Mr. Carr did not recall meeting his father until he was 7. He went to work for his father in his teens, often collecting the cover charge for Nighthawk and learned to play bass lines behind him on the guitar.

He also sharecropped while in Arkansas, leaving for St. Louis in 1946 after the plantation owner threatened to kill him because of a dispute over a borrowed mule team.

While in St. Louis, Mr. Carr formed Little Sam Carr and the Blue Kings, initially playing guitar. He was largely self-taught on the drums and took "the back seat" as he put it because he could not retain drummers with good timing.

In 1956, Mr. Carr teamed up with Frank Frost, a blues singer who played harmonica, piano and guitar. They traveled to Helena, Ark., where they backed up harmonica player Rice Miller, who performed as Sonny Boy Williamson on "King Biscuit Time," a live radio show. Mr. Carr and Mr. Frost also performed as a duo, with Mr. Frost on guitar and rack-mounted harmonica.

In 1960, Mr. Frost and Mr. Carr moved to Mississippi, thinking they would find more work there. Mr. Carr went back to sharecropping, but he also continued performing with Mr. Frost and guitarist Big Jack Johnson. Mr. Johnson's boss, the owner of a local heating oil company, became the trio's booking agent. He bought them tuxedos and secured bookings at college fraternities, where they acquired a reputation for showmanship.

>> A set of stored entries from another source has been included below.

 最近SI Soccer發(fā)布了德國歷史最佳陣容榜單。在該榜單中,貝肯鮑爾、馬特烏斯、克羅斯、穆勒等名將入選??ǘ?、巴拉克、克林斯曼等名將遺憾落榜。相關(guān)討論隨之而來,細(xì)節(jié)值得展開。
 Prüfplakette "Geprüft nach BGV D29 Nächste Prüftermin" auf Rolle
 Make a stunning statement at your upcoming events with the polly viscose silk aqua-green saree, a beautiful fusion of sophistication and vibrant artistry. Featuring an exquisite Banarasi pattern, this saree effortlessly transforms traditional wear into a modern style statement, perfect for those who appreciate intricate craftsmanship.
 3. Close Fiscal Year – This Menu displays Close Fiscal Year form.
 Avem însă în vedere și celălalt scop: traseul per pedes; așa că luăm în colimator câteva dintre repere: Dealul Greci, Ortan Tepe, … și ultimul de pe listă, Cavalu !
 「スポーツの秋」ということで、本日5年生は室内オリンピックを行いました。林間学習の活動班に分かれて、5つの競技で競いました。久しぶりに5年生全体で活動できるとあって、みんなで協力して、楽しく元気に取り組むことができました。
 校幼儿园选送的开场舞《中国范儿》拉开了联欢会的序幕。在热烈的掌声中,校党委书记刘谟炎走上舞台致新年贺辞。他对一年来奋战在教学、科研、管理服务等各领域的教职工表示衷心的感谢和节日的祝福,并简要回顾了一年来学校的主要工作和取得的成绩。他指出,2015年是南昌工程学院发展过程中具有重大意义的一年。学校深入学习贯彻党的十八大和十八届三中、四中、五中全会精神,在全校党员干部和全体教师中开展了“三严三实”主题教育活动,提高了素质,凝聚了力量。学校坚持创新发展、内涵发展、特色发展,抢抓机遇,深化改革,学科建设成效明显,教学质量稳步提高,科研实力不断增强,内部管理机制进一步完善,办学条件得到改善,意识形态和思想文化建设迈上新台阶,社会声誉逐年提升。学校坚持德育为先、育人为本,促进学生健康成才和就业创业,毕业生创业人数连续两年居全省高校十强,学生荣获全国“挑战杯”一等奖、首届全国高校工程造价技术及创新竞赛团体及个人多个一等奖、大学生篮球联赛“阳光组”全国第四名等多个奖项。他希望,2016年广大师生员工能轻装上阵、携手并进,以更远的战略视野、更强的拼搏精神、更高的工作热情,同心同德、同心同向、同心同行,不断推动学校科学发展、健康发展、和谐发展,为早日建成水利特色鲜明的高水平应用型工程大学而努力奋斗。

"I had a lot of stuff up my sleeve then," Mr. Carr told Living Blues magazine. "I could be playing my snare drums. I'd start running my sticks to the top of the house, let the sticks fly up in the air and catch them. I'd take the snare drum off the drums, go out and play the tables, play the glass, whatever they were drinking out of, beer bottles. Play on back, sit down and play all around the front of the drums."

An audition with Sam Phillips, the owner of Memphis-based Sun Records, resulted in the Frank Frost album "Hey Boss Man!" (1962). A song from the album, "Jelly Roll King," gave the trio its name. The record is often cited as a classic of electric juke joint blues.

The group later had a national rhythm-and-blues hit, "My Back Scratcher" (1966), also released under Mr. Frost's name. The band did not record again until they made the album "Rockin' the Juke Joint Down" (1979), released under the name the Jelly Roll Kings.

Mr. Frost and Mr. Carr were also featured with guitarist Ry Cooder on the soundtrack of the movie "Crossroads" (1986).

After Mr. Frost's death in 1999, Mr. Carr formed the Delta Jukes with guitarist Dave Riley and harmonica player John Weston. He was also featured behind Chicago guitarist Buddy Guy on the album "Sweet Tea (2001)."